Determination of the bacterial load in the spleen and blood

The agar plate counting method was used to analyze the number of bacteria in the spleen and blood of chickens that died of infection during the experiment as described by Zhang et al. (2015). One hundred microliters of heart-collected blood was directly collected for smearing and counting. The statistical analysis of the spleen bacterial load was performed as follows.
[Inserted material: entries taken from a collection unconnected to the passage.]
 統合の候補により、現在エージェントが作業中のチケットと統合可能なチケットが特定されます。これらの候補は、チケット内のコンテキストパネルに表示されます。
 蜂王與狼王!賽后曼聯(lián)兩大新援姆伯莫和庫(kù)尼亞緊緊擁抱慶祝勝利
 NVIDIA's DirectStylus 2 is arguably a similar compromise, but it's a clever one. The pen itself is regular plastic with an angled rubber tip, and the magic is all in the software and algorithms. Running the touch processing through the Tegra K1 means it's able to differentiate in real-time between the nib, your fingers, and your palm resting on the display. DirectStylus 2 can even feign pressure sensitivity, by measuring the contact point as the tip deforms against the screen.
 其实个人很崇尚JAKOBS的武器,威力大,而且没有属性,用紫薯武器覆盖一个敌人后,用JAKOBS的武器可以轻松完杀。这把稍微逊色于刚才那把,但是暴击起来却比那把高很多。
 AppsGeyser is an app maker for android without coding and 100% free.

Spleens from dead chickens were removed under aseptic conditions (tissues such as the mesangium were removed as much as possible) and weighed. According to the weight of the spleen, a corresponding 20 × volume of sterilized PBS was added. Homogenization of the spleen was performed under sterile conditions, and the homogenization solution was diluted in multiple ratios. Finally, 100 μL extracts were taken for coating and counting. The experiments were repeated three times.
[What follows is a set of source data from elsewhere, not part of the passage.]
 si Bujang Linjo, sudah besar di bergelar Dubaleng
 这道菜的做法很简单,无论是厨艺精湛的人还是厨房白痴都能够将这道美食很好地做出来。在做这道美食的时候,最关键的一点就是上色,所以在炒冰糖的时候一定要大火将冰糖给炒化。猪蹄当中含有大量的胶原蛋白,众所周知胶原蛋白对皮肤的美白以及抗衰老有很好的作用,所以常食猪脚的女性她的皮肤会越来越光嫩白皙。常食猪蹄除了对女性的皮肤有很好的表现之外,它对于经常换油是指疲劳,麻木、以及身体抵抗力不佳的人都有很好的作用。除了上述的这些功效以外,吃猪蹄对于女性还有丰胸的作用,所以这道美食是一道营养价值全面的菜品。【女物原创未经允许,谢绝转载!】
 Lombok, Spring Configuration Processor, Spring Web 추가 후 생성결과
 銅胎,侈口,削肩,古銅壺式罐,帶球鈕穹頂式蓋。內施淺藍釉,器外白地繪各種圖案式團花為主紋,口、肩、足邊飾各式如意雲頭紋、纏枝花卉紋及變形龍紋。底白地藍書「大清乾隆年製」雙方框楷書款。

Pathological observation of internal organs of chickens

The deceased chickens were necropsied, and the internal organs were removed and processed for paraffin sectioning (the approximate procedure was as follows: fixation, dehydration, embedding, sectioning, staining, and blocking) according to a previously reported method (Xu et al., 2012). After that, paraffin sections were placed under a microscope to observe the organ pathology.

Statistical analysis

Statistical analyses were performed using GraphPad Prism 7.0 (Software). Unpaired Student’s t-test or Two-way ANOVA was utilized where appropriate. The threshold of statistical significance level P was set at *P < 0.05, **P < 0.01, ***P < 0.001, and ****P < 0.0001.

Results

Physicochemical characterization of the HJH-3

The amino acid sequence of HJH-3 was entered into the website. The physical and chemical properties of HJH-3 are as follows: molecular formula, C₉₆H₁₆₁N₂₇O₂₄; molecular weight, 2077.50 Da; theoretical pI, 11.00; positively charged residues, 2; and instability index of 18.42. The results indicated that HJH-3 is a stable peptide with an estimated half-life of 100 h (mammalian reticulocytes, in vitro), > 20 h (yeast, in vivo), or >10 h (E. coli, in vivo). The grand average of hydropathicity (GRAVY) of HJH-3 is 0.70. The results of the prediction of the structure of HJH-3 were shown in Figure 1. Its secondary structure is an α-helix.

FIGURE 1

Figure 1. Prediction result of the spatial structure of HJH-3. Copy and paste the sequence of VNFKLLSHSLLVTLRSHL into the Specified location of the website (https://zhanglab.ccmb.med.umich.edu/I-TASSER/). Run the I-TASSER with default settings.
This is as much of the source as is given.